The adaptation of the SemEval Task 1 dataset was undertaken to ensure alignment with the core objective of this study—namely, the detection of semantically equivalent (i.e., duplicate) question pairs. To achieve this, the original three-way entailment classification (ENTAILMENT, NEUTRAL, CONTRADICTION) was transformed into a binary classification scheme. This binary conversion facilitated a consistent evaluation framework across all datasets used in this study (i.e., Quora, Stack Overflow, and SemEval), allowing the application of a unified model architecture without task-specific modifications. It is acknowledged that direct performance comparisons with models originally developed for full natural language inference classification tasks may introduce limitations in fairness due to differences in task formulation. To address this issue, we restricted our comparative analysis to baseline systems from prior studies that employed either semantic similarity scoring or binary entailment evaluation on the SemEval dataset. As presented in Table 5, the selected reference models (e.g., MaLSTM + SVM, ECNU, LangPro) were chosen specifically for their methodological alignment with our binary classification setting, thereby ensuring greater comparability and interpretive validity of the results.

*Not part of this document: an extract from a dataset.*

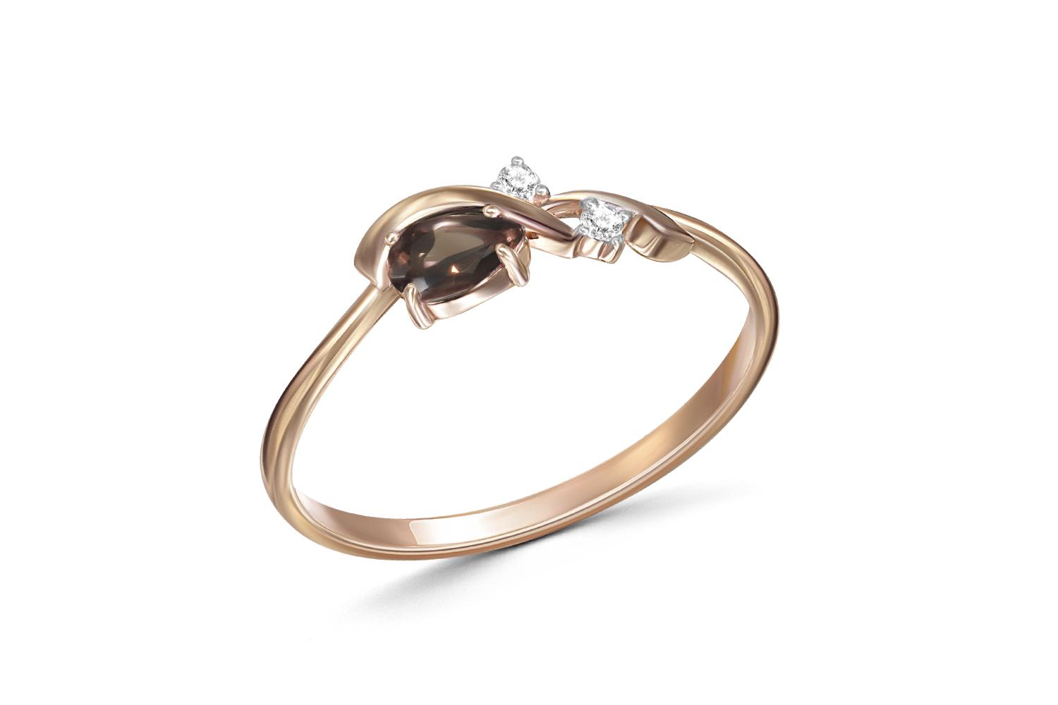 Мастера компании NEWGOLD, приложив всё свое мастерство и искусство, создали для Вас на нашем собственном производстве Кольцо из красного золота с раухтопазом и 2 фианитами.

The adjusted data format is shown in Table 7.

Table 7 SemEval task 1 data example after processing.

Our training data comprise question pairs, and each question has its own “id” tag. In this case, the answer program can be modified from the Siamese LSTM model. All questions from our training data can be saved as raw alignment data to establish a corpus. Including the online question-answering systems for college question pairs and SemEval Task 1 data. The saved content is only the “id” and the vector representations rendered by the Siamese LSTM model. When we enter a new question and want to detect the questions that are duplicated with this new one, we only compare the vector representations of questions, calculate the similarity between them, and finally use the “id” tag to query the question content.

The basic Siamese LSTM splits the data into left and right parts. After loading all the information from the corpus, we built the left-part inputs. The converted question was entered into vector form using the method defined in the Siamese LSTM model. Corresponding to each left input, the vector form of the new question was filled in for the right input. We compared similarity, which is equivalent to calculating the similarity between a new question and each question in the corpus.

Finally, the “id” corresponding to the question with higher similarity is returned to the user. Even multiple “id” values can be returned, ranging from high to low based on similarity. This kind of Q&A search system allows users to ask questions in natural language and accurately and quickly find answers to questions from a large amount of data. Completely new questions will be posted on the platform, awaiting responses from instructors. It is noteworthy that answers from students with strong knowledge and skills may also be included as standard answers.

The computational performance of the proposed model was evaluated on both an NVIDIA GTX 1080 GPU and a standard Intel CPU platform. Experimental results indicate that the model achieves a favorable Balance between predictive accuracy and processing efficiency. Specifically, the average inference latency remained below 200 milliseconds per query, rendering it suitable for real-time deployment in educational question-answering scenarios. The model architecture is inherently modular and supports parallel computation. The integration of pretrained Word2Vec embeddings and the adoption of computationally efficient similarity measures, such as Manhattan distance, contribute to reduced inference overhead.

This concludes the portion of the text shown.